● **Directions for this task**:
Go to the line holding "I'm Picky cos I'm all alone |" in the data below and repeat it exactly, then each line after it up to and including the one holding "On Nov. 27, the". Omit pictures.

··· Input data ···

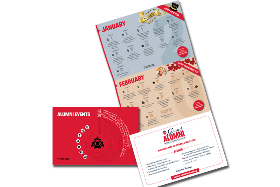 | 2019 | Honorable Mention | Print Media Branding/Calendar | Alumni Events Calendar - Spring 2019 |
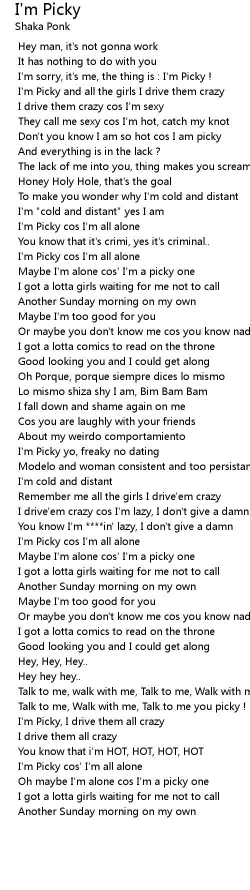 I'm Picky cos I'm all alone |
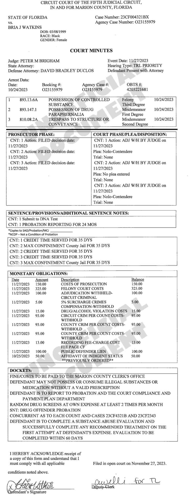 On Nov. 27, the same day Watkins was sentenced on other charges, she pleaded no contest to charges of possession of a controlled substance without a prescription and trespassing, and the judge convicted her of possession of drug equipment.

···
··· Input data ···

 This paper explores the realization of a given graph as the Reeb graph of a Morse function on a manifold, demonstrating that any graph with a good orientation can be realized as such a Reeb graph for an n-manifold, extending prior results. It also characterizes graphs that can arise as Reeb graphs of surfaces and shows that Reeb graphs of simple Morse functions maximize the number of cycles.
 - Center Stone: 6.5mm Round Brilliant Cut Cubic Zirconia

···
··· Input data ···

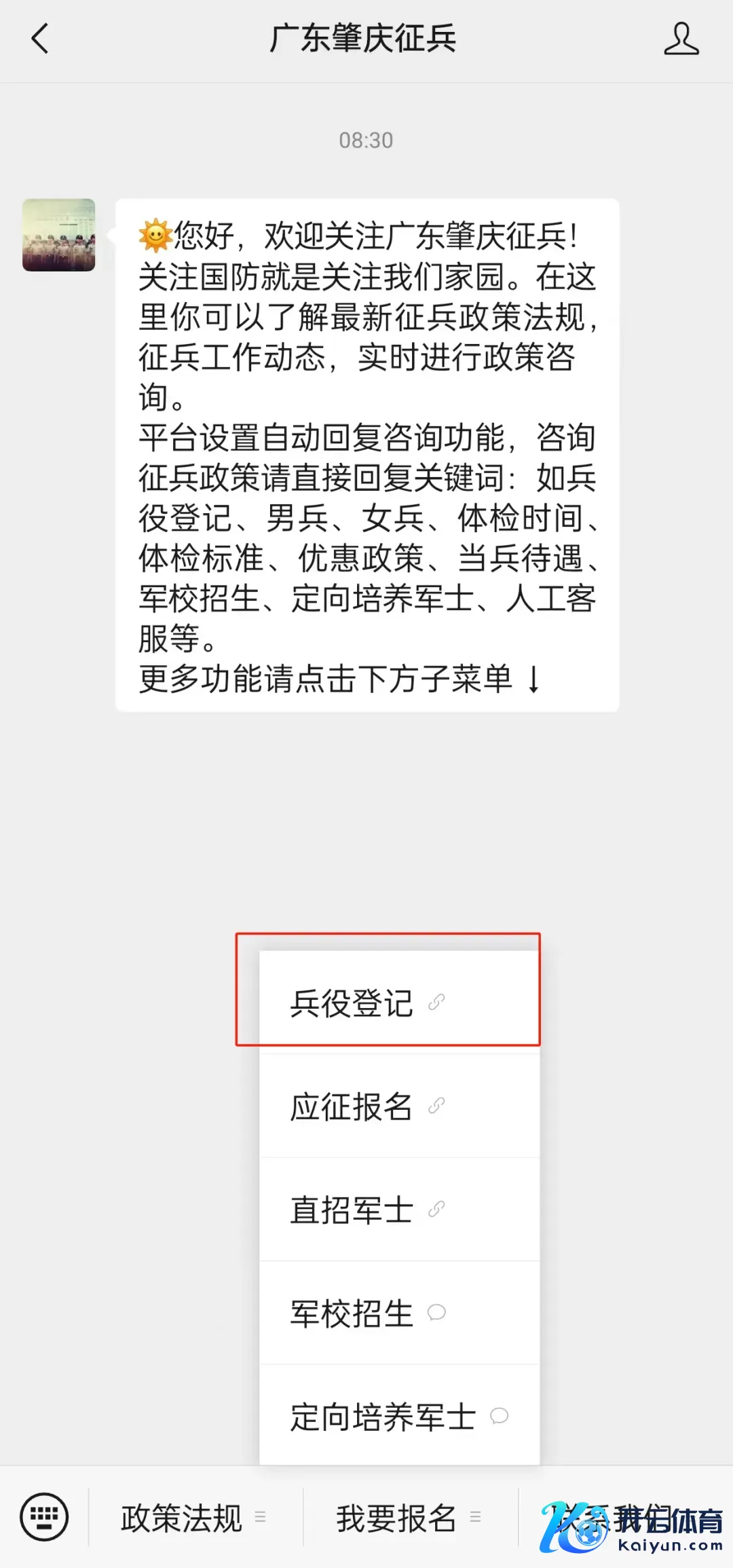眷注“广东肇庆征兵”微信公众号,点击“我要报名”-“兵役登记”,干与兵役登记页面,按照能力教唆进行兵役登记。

···

● **Your response**:
 I'm Picky cos I'm all alone |
 On Nov. 27, the same day Watkins was sentenced on other charges, she pleaded no contest to charges of possession of a controlled substance without a prescription and trespassing, and the judge convicted her of possession of drug equipment.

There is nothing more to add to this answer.